___ Records supplied ___

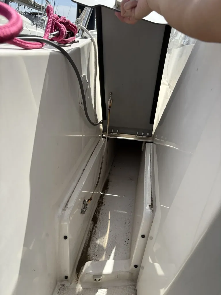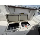 各種ハッチ: デッキ中央のハッチを開けると、大型のイケスが備わっています。後方のハッチはエンジン、アクセサリーのバッテリーや荷物入れが完備しております。
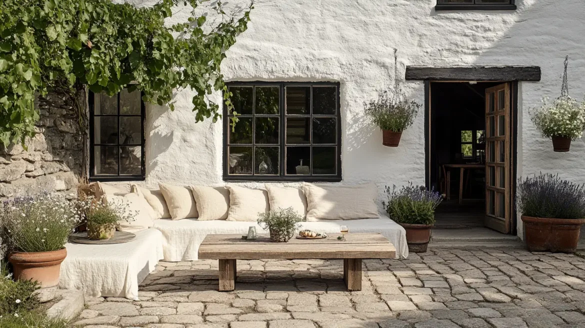 Basking in golden light and the scent of blooming herbs, this inviting outdoor space captures the essence of summer. Linen-covered seating, cool stone underfoot, and terracotta pots full of lavender and daisies create a tranquil spot to enjoy warm afternoons, slow breakfasts, or evening wine. It’s the kind of summer simplicity that feels both timeless and grounding.
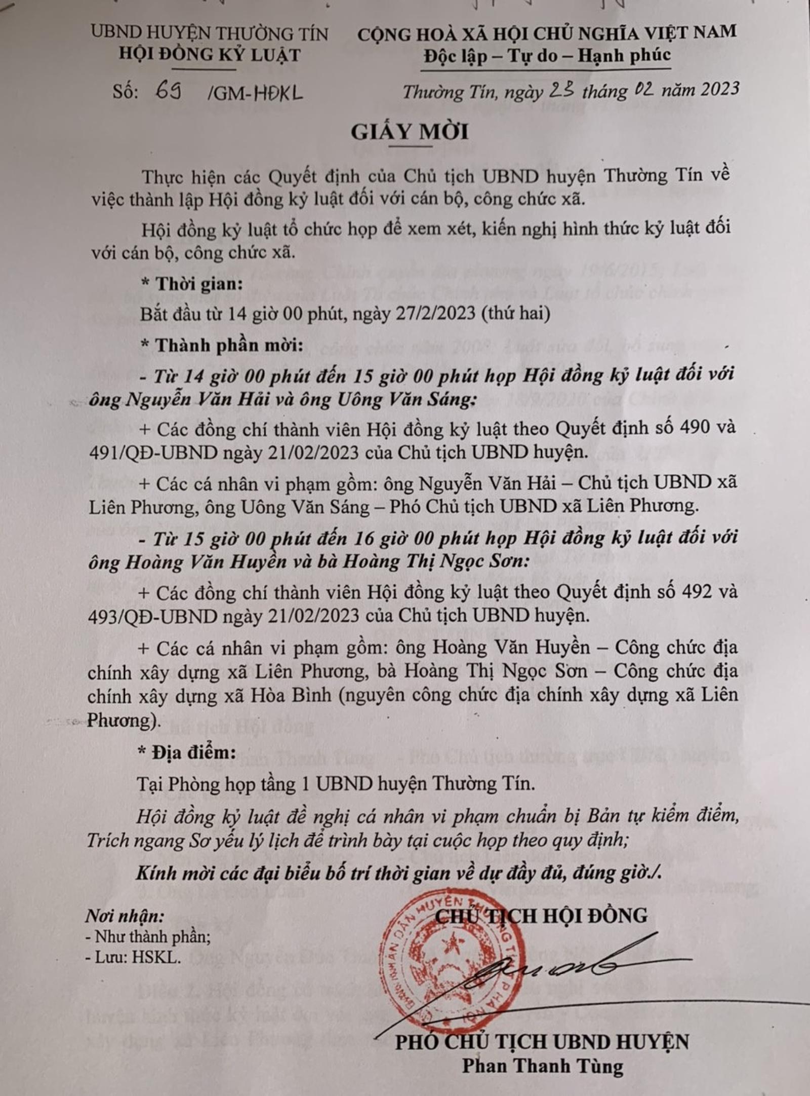 Ngày 2/3/2023, trao đổi với PV, ông Nguyễn Tiến Việt, Phó trưởng Phòng TN&MT huyện Thường Tín - Thành viên Hội đồng Kỷ luật cho biết, sau khi có kết quả kiểm tra, UBND huyện đã thành lập Hội đồng Kỷ luật đối với ông Nguyễn Văn Hải - Chủ tịch UBND xã Liên Phương và một số cán bộ công chức có liên quan đến vi phạm của ông Nguyễn Minh Tuấn.
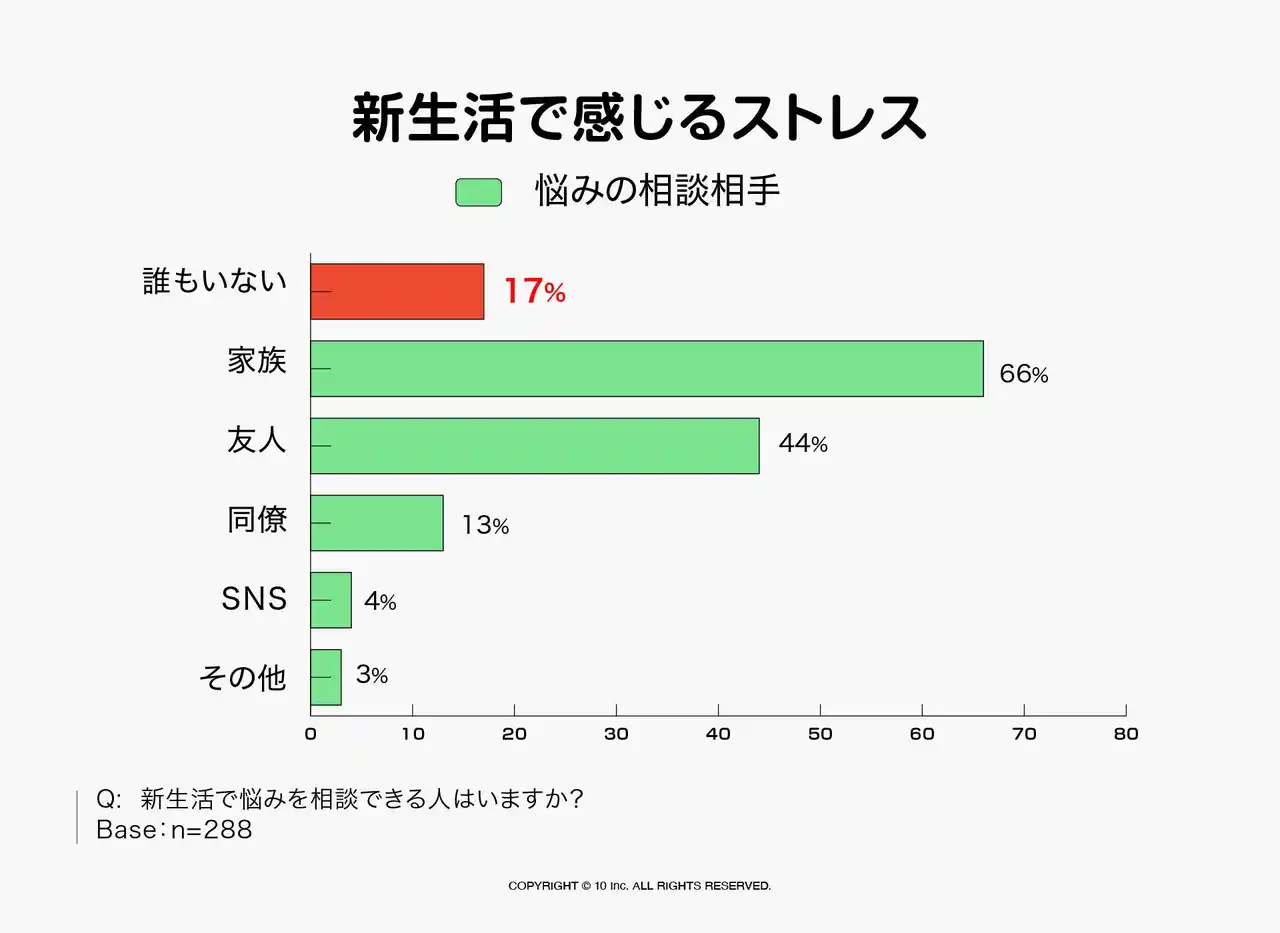 | さらに、悩みを相談できる相手については、「誰もいない」(17%)と、約6人に1人が相談相手を持たない状態にあることも確認されました。人間関係がストレスの主な要因である一方で、孤独を感じる人も一定数存在していることが明らかになりました。これは、新しい環境における関係構築のプロセスそのものが心理的負荷となっている可能性が示唆されます。 | |||||||||
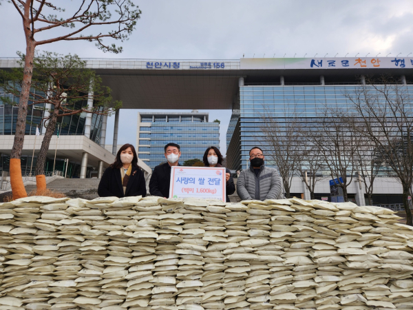 [충청뉴스 박동혁 기자] 충남 천안시는 한살림천안아산소비자생활협동조합이 지역 내 어려운 이웃에게 전달해 달라며 사랑의 쌀 2kg 800포를 기탁했다고 8일 밝혔다.
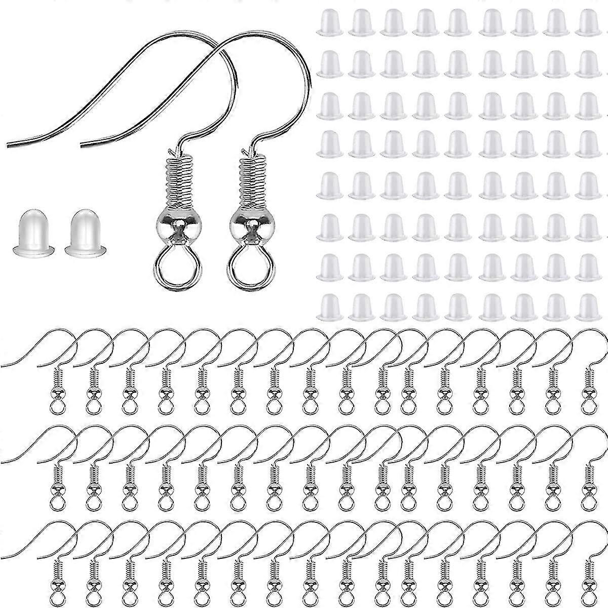 Earring Hooks With Plastic Box,100 Pcs/50 Pairs Hypoallergenic Jewelry Findings Parts With 100 Pcs Clear Silicone Earring Backs Stoppers For Diy Jewel
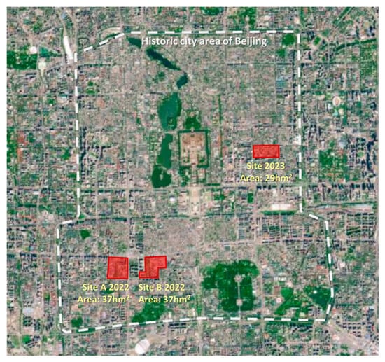 Locations and basic information of the three sites (drawn by the author, base map: Baidu map (https://map.baidu.com/ (accessed on 18 February 2024))).

___

Exercise instructions:
Print the lines from the one that contains "Basking in golden" through the last line of the data, exactly and in full, and no other lines. Pictures are not part of the copy.

Completed exercise:
 Basking in golden light and the scent of blooming herbs, this inviting outdoor space captures the essence of summer. Linen-covered seating, cool stone underfoot, and terracotta pots full of lavender and daisies create a tranquil spot to enjoy warm afternoons, slow breakfasts, or evening wine. It’s the kind of summer simplicity that feels both timeless and grounding.
 Ngày 2/3/2023, trao đổi với PV, ông Nguyễn Tiến Việt, Phó trưởng Phòng TN&MT huyện Thường Tín - Thành viên Hội đồng Kỷ luật cho biết, sau khi có kết quả kiểm tra, UBND huyện đã thành lập Hội đồng Kỷ luật đối với ông Nguyễn Văn Hải - Chủ tịch UBND xã Liên Phương và một số cán bộ công chức có liên quan đến vi phạm của ông Nguyễn Minh Tuấn.
 | さらに、悩みを相談できる相手については、「誰もいない」(17%)と、約6人に1人が相談相手を持たない状態にあることも確認されました。人間関係がストレスの主な要因である一方で、孤独を感じる人も一定数存在していることが明らかになりました。これは、新しい環境における関係構築のプロセスそのものが心理的負荷となっている可能性が示唆されます。 | |||||||||
 [충청뉴스 박동혁 기자] 충남 천안시는 한살림천안아산소비자생활협동조합이 지역 내 어려운 이웃에게 전달해 달라며 사랑의 쌀 2kg 800포를 기탁했다고 8일 밝혔다.
 Earring Hooks With Plastic Box,100 Pcs/50 Pairs Hypoallergenic Jewelry Findings Parts With 100 Pcs Clear Silicone Earring Backs Stoppers For Diy Jewel
 Locations and basic information of the three sites (drawn by the author, base map: Baidu map (https://map.baidu.com/ (accessed on 18 February 2024))).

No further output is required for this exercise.